Data listing:
───
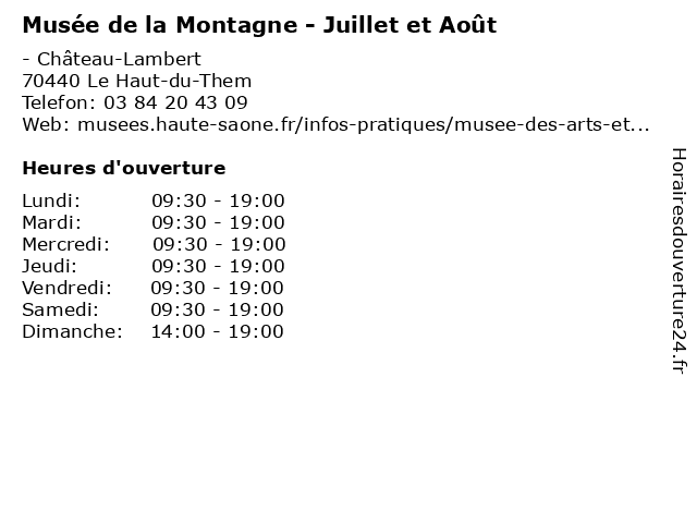 1 Musée de la Montagne - Févirer à Mars et Octobre à Novembre (Distance: 0,00 km) - Château-Lambert, 70440 Le Haut-du-Them 1er, 30, 31, au, de, et, exposition, févirer, février, la, mars, montagne, musée, novembre, octobre, visite 2 Musée de la Montagne - Avril/Juin/Septembre (Distance: 0,00 km) - Château-Lambert, 70440 Le Haut-du-Them 1er, 30, au, avril, avril/juin/septembre, de, exposition, juin, la, montagne, musée, septembre, visite 3 Montagne Saveurs du Terroir (Distance: 5,31 km) 44 Avenue de Verdun, 88160 Le Thillot du, montagne, saveurs, terroir 5 Sport 2000 Montagne (Distance: 10,71 km) - Chalets, 73700 La Rosiere 2000, course à pied, mode, montagne, multisport, sport 6 Auberge la Montagne (Distance: 14,47 km) - Le Mont Du Tronc, 70280 Saint-Bresson auberge, bar, bistro, bistrot, brasserie, café, la, montagne, pub, restaurant, restauration, resto |
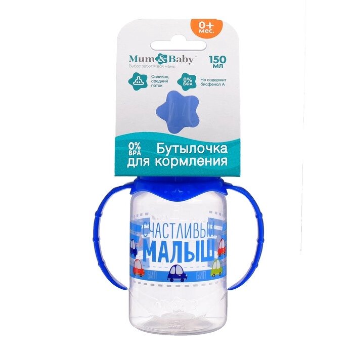 Бутылочка для кормления «Малыш» детская классическая, с ручками, 150 мл, от 0 мес., цвет синий
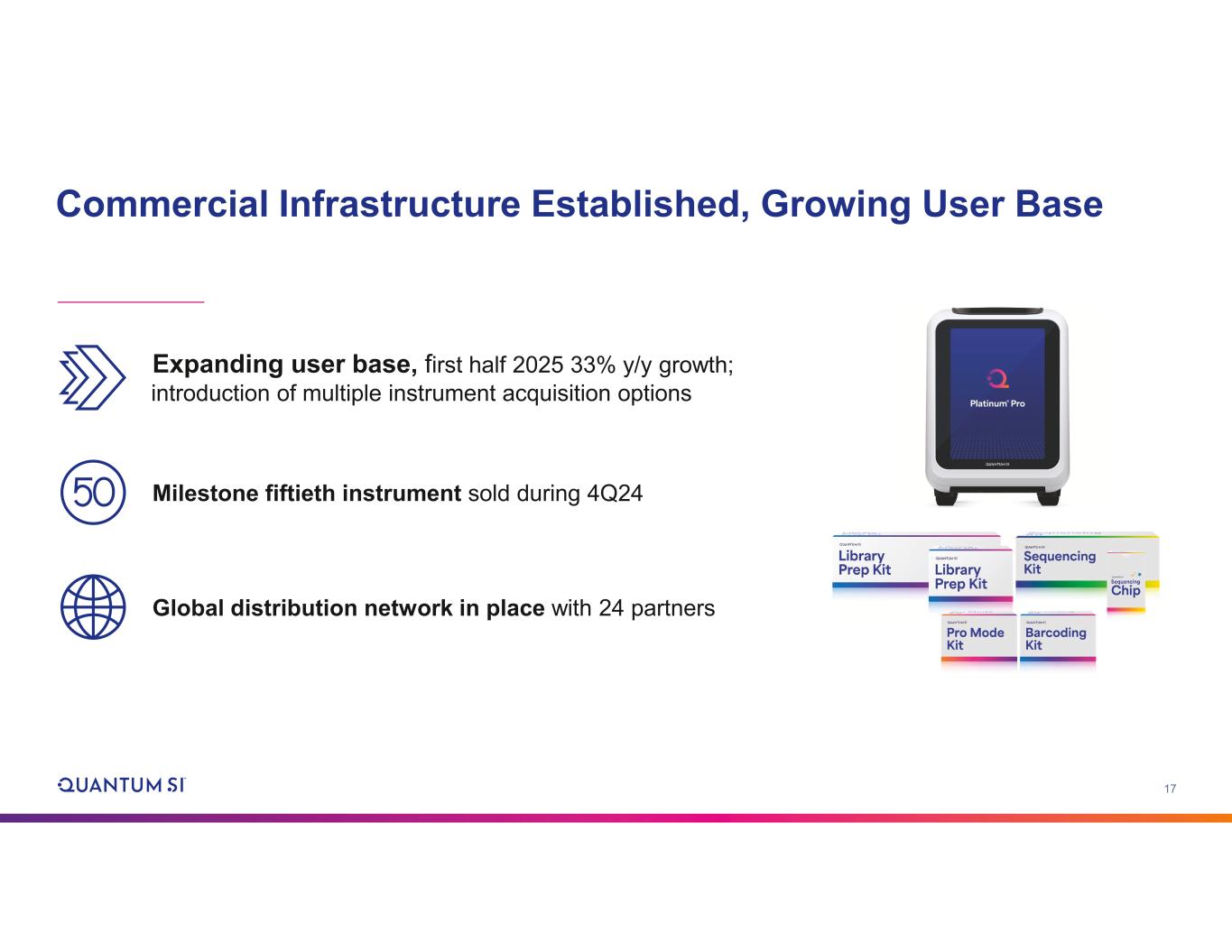 2 Disclaimer and Other Information Forward-looking Statements This presentation includes "forward-looking statements" within the meaning of the "safe harbor" provisions of the United States Private Securities Litigation Reform Act of 1995. The actual results of Quantum-Si Incorporated (the “Company”) may differ from its expectations, estimates, and projections and, consequently, you should not rely on these forward-looking statements as predictions of future events. Words such as "expect," "estimate," "project," "budget," "forecast," "anticipate," "intend," "plan," "may," "will," "could," "should," "believes," "predicts," "potential," "continue," and similar expressions (or the negative versions of such words or expressions) are intended to identify such forward-looking statements. These forward-looking statements include, without limitation, the Company's expectations with respect to future performance and development and commercialization of products and services, its anticipated cash runway and any financial guidance for the interim periods and full year 2025. These forward-looking statements involve significant risks and uncertainties that could cause the actual results to differ materially from those discussed in the forward- looking statements. Most of these factors are outside the Company's control and are difficult to predict. Factors that may cause such differences include, but are not limited to: the inability to maintain the listing of the Company's Class A common stock on The Nasdaq Stock Market; the ability of the Company to grow and manage growth profitably and retain its key employees; the Company’s ongoing leadership transitions; changes in applicable laws or regulations; the ability of the Company to raise financing in the future; the success, cost and timing of the Company's product development and commercialization activities; the commercialization and adoption of the Company’s existing products and the success of any product the Company may offer in the future; the potential attributes and benefits of the Company’s commercialized Platinum® line of protein sequencing instruments and kits and the Company’s other products once commercialized; the Company's ability to obtain and maintain regulatory approval for its products, and any related restrictions and limitations of any approved product; the Company's ability to identify, in-license or acquire additional technology; the Company's ability to maintain its existing lease, license, manufacture and supply agreements; the Company's ability to compete with other companies currently marketing or engaged in the development or commercialization of products and services that serve customers engaged in proteomic analysis, many of which have greater financial and marketing resources than the Company; the size and growth potential of the markets for the Company's products and services, and its ability to serve those markets once commercialized, either alone or in partnership with others; the Company's estimates regarding future expenses, future revenue, capital requirements and needs for additional financing; the Company's financial performance; and other risks and uncertainties described under "Risk Factors" in the Company’s most recent Annual Report on Form 10-K, and in the Company's other filings with the SEC. The Company cautions that the foregoing list of factors is not exclusive. The Company cautions readers not to place undue reliance upon any forward-looking statements, which speak only as of the date made. The Company does not undertake or accept any obligation or undertaking to release publicly any updates or revisions to any forward-looking statements to reflect any change in its expectations or any change in events, conditions, or circumstances on which any such statement is based. Non-GAAP Financial Measures This presentation includes certain non-GAAP financial measures including “adjusted total operating expenses.” Please see Exhibit 99.2 to the Company’s Current Report on Form 8-K filed with the SEC on August 5, 2025, for further discussion of the Company’s use of non-GAAP financial measures.
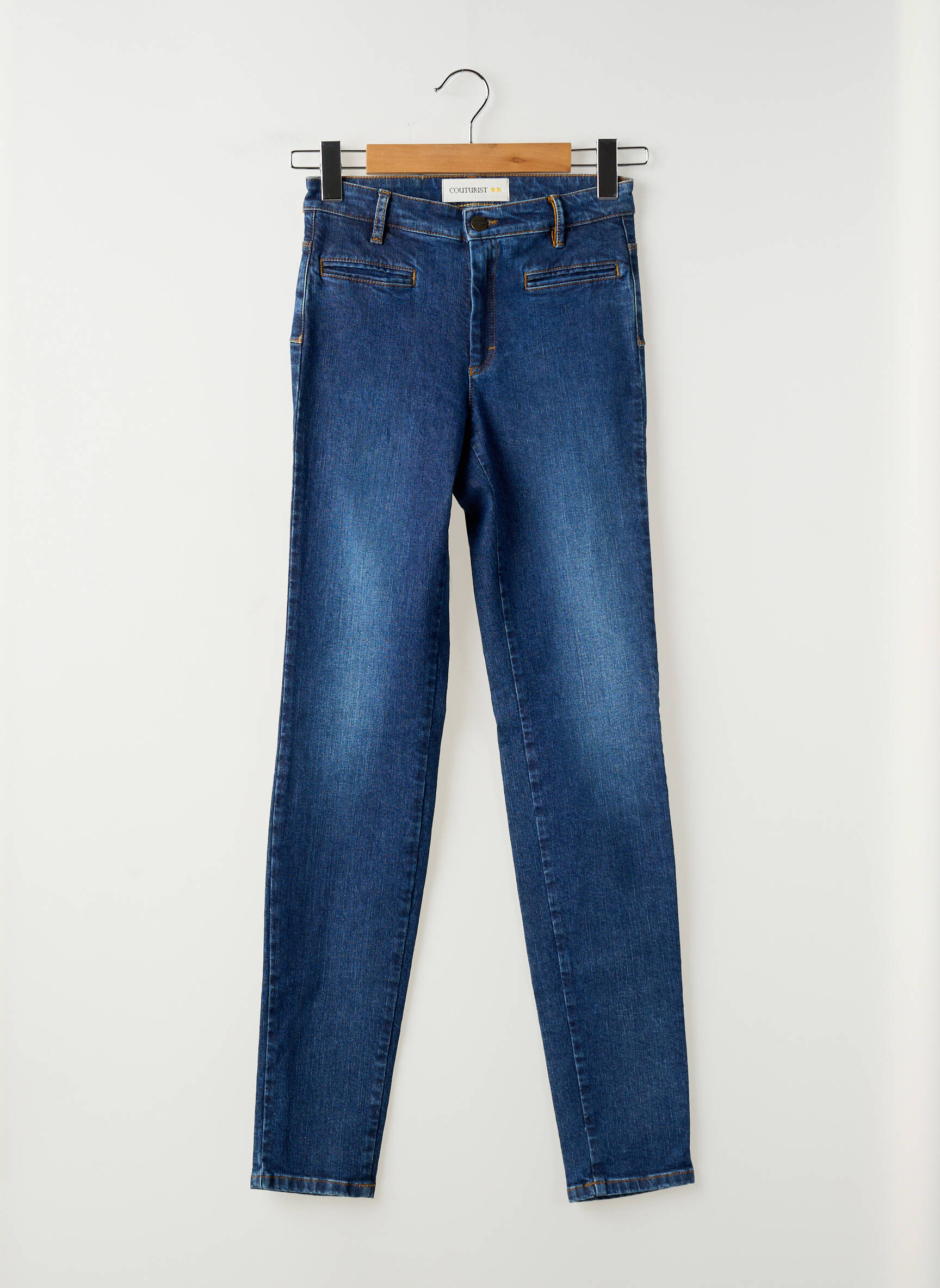 Jeans Coupe Slim Couturist Bleu Taille Haute
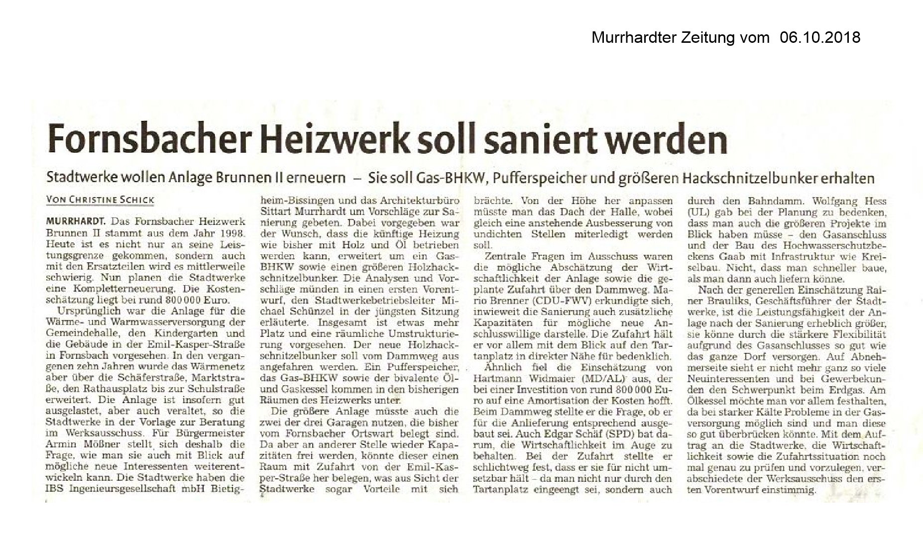 06. Oktober 2018 - Murrhardter Zeitung - Stadt Murrhardt - Stadtwerke - Fornsbacher Heizwerk soll saniert werden
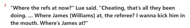 据报道,快船逆转击败勇士赛后,泰伦-卢从休息室跑到球员通道处,嘴里大喊:裁判现在在哪儿?作弊,这就是他们所做的一切,裁判詹姆斯-威廉姆斯在哪儿?我真想踢烂他的嘴,裁判詹姆斯在哪儿?
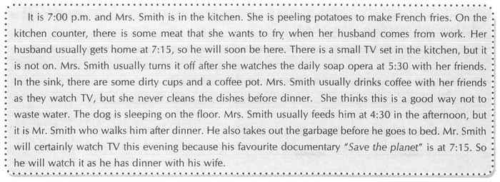 - Read the passage below to answer this question : What does Mrs. Smith do to save electricity and water?
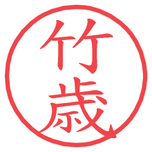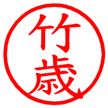 [朱肉の色]を選び、入力窓に“竹歳”と入力して[生成]ボタンを押すと、印影が更新され、リンクから電子印鑑(デジタル印影)がダウンロードできます。 電子印鑑「竹歳」の作り方文字表示が変なときや、文字バランスが悪いときは[字形切替]のチェックボックスでON/OFFを切り替え[生成]しなおしてください。 生成される画像は通常の印影「竹歳.png」と、にじみを表現した少し太めの印影「竹歳B.png」の背面透過PNG形式2種と、鮮明なPDF形式の印影「竹歳.pdf」の計3種類です。 朱肉の微妙な色の違いを7色で表現しました。デフォルト(左端)は、JISが定めた朱肉の色のマンセル値(7.5R 5/14)をRGB値(217,66,54)に変換したものになっています。 「電子透かし」にチェックを入れて[生成]ボタンを押すと、タイムスタンプを電子透かしとして埋め込んだセキュアな電子印鑑が作れます。詳細は別ページの「タイムスタンプと電子透かし」でご覧ください。 竹歳さんの日付印が作れます。「日付スタンプメーカー」は、社内向けの書類に利用されることの多い日付印(データ印)が無料で作れるWebアプリケーションです。中段に日付が入り、上段と下段は、ともに8文字まで文字が入ります。 ![]() 古代文字で落款印が作れます。「落款スタンプメーカー」で作品を引き立たせる落款印が作れます。
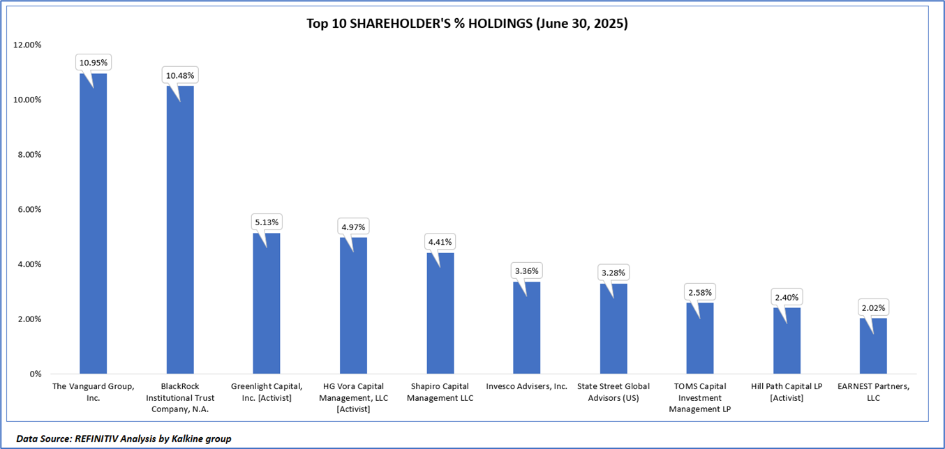 The top 10 shareholders together form ~49.57% of the total shareholding. The Vanguard Group, Inc., and BlackRock Institutional Trust Company, N.A. hold maximum stakes of 10.95% and 10.48%, respectively.
───
Task description:
Everything in the data except the pictures needs to be written out exactly.

Result for this exercise:
 1 Musée de la Montagne - Févirer à Mars et Octobre à Novembre (Distance: 0,00 km) - Château-Lambert, 70440 Le Haut-du-Them 1er, 30, 31, au, de, et, exposition, févirer, février, la, mars, montagne, musée, novembre, octobre, visite 2 Musée de la Montagne - Avril/Juin/Septembre (Distance: 0,00 km) - Château-Lambert, 70440 Le Haut-du-Them 1er, 30, au, avril, avril/juin/septembre, de, exposition, juin, la, montagne, musée, septembre, visite 3 Montagne Saveurs du Terroir (Distance: 5,31 km) 44 Avenue de Verdun, 88160 Le Thillot du, montagne, saveurs, terroir 5 Sport 2000 Montagne (Distance: 10,71 km) - Chalets, 73700 La Rosiere 2000, course à pied, mode, montagne, multisport, sport 6 Auberge la Montagne (Distance: 14,47 km) - Le Mont Du Tronc, 70280 Saint-Bresson auberge, bar, bistro, bistrot, brasserie, café, la, montagne, pub, restaurant, restauration, resto |
 Бутылочка для кормления «Малыш» детская классическая, с ручками, 150 мл, от 0 мес., цвет синий
 2 Disclaimer and Other Information Forward-looking Statements This presentation includes "forward-looking statements" within the meaning of the "safe harbor" provisions of the United States Private Securities Litigation Reform Act of 1995. The actual results of Quantum-Si Incorporated (the “Company”) may differ from its expectations, estimates, and projections and, consequently, you should not rely on these forward-looking statements as predictions of future events. Words such as "expect," "estimate," "project," "budget," "forecast," "anticipate," "intend," "plan," "may," "will," "could," "should," "believes," "predicts," "potential," "continue," and similar expressions (or the negative versions of such words or expressions) are intended to identify such forward-looking statements. These forward-looking statements include, without limitation, the Company's expectations with respect to future performance and development and commercialization of products and services, its anticipated cash runway and any financial guidance for the interim periods and full year 2025. These forward-looking statements involve significant risks and uncertainties that could cause the actual results to differ materially from those discussed in the forward- looking statements. Most of these factors are outside the Company's control and are difficult to predict. Factors that may cause such differences include, but are not limited to: the inability to maintain the listing of the Company's Class A common stock on The Nasdaq Stock Market; the ability of the Company to grow and manage growth profitably and retain its key employees; the Company’s ongoing leadership transitions; changes in applicable laws or regulations; the ability of the Company to raise financing in the future; the success, cost and timing of the Company's product development and commercialization activities; the commercialization and adoption of the Company’s existing products and the success of any product the Company may offer in the future; the potential attributes and benefits of the Company’s commercialized Platinum® line of protein sequencing instruments and kits and the Company’s other products once commercialized; the Company's ability to obtain and maintain regulatory approval for its products, and any related restrictions and limitations of any approved product; the Company's ability to identify, in-license or acquire additional technology; the Company's ability to maintain its existing lease, license, manufacture and supply agreements; the Company's ability to compete with other companies currently marketing or engaged in the development or commercialization of products and services that serve customers engaged in proteomic analysis, many of which have greater financial and marketing resources than the Company; the size and growth potential of the markets for the Company's products and services, and its ability to serve those markets once commercialized, either alone or in partnership with others; the Company's estimates regarding future expenses, future revenue, capital requirements and needs for additional financing; the Company's financial performance; and other risks and uncertainties described under "Risk Factors" in the Company’s most recent Annual Report on Form 10-K, and in the Company's other filings with the SEC. The Company cautions that the foregoing list of factors is not exclusive. The Company cautions readers not to place undue reliance upon any forward-looking statements, which speak only as of the date made. The Company does not undertake or accept any obligation or undertaking to release publicly any updates or revisions to any forward-looking statements to reflect any change in its expectations or any change in events, conditions, or circumstances on which any such statement is based. Non-GAAP Financial Measures This presentation includes certain non-GAAP financial measures including “adjusted total operating expenses.” Please see Exhibit 99.2 to the Company’s Current Report on Form 8-K filed with the SEC on August 5, 2025, for further discussion of the Company’s use of non-GAAP financial measures.
 Jeans Coupe Slim Couturist Bleu Taille Haute
 06. Oktober 2018 - Murrhardter Zeitung - Stadt Murrhardt - Stadtwerke - Fornsbacher Heizwerk soll saniert werden
 据报道,快船逆转击败勇士赛后,泰伦-卢从休息室跑到球员通道处,嘴里大喊:裁判现在在哪儿?作弊,这就是他们所做的一切,裁判詹姆斯-威廉姆斯在哪儿?我真想踢烂他的嘴,裁判詹姆斯在哪儿?
 - Read the passage below to answer this question : What does Mrs. Smith do to save electricity and water?
 [朱肉の色]を選び、入力窓に“竹歳”と入力して[生成]ボタンを押すと、印影が更新され、リンクから電子印鑑(デジタル印影)がダウンロードできます。 電子印鑑「竹歳」の作り方文字表示が変なときや、文字バランスが悪いときは[字形切替]のチェックボックスでON/OFFを切り替え[生成]しなおしてください。 生成される画像は通常の印影「竹歳.png」と、にじみを表現した少し太めの印影「竹歳B.png」の背面透過PNG形式2種と、鮮明なPDF形式の印影「竹歳.pdf」の計3種類です。 朱肉の微妙な色の違いを7色で表現しました。デフォルト(左端)は、JISが定めた朱肉の色のマンセル値(7.5R 5/14)をRGB値(217,66,54)に変換したものになっています。 「電子透かし」にチェックを入れて[生成]ボタンを押すと、タイムスタンプを電子透かしとして埋め込んだセキュアな電子印鑑が作れます。詳細は別ページの「タイムスタンプと電子透かし」でご覧ください。 竹歳さんの日付印が作れます。「日付スタンプメーカー」は、社内向けの書類に利用されることの多い日付印(データ印)が無料で作れるWebアプリケーションです。中段に日付が入り、上段と下段は、ともに8文字まで文字が入ります。 ![]() 古代文字で落款印が作れます。「落款スタンプメーカー」で作品を引き立たせる落款印が作れます。
 The top 10 shareholders together form ~49.57% of the total shareholding. The Vanguard Group, Inc., and BlackRock Institutional Trust Company, N.A. hold maximum stakes of 10.95% and 10.48%, respectively.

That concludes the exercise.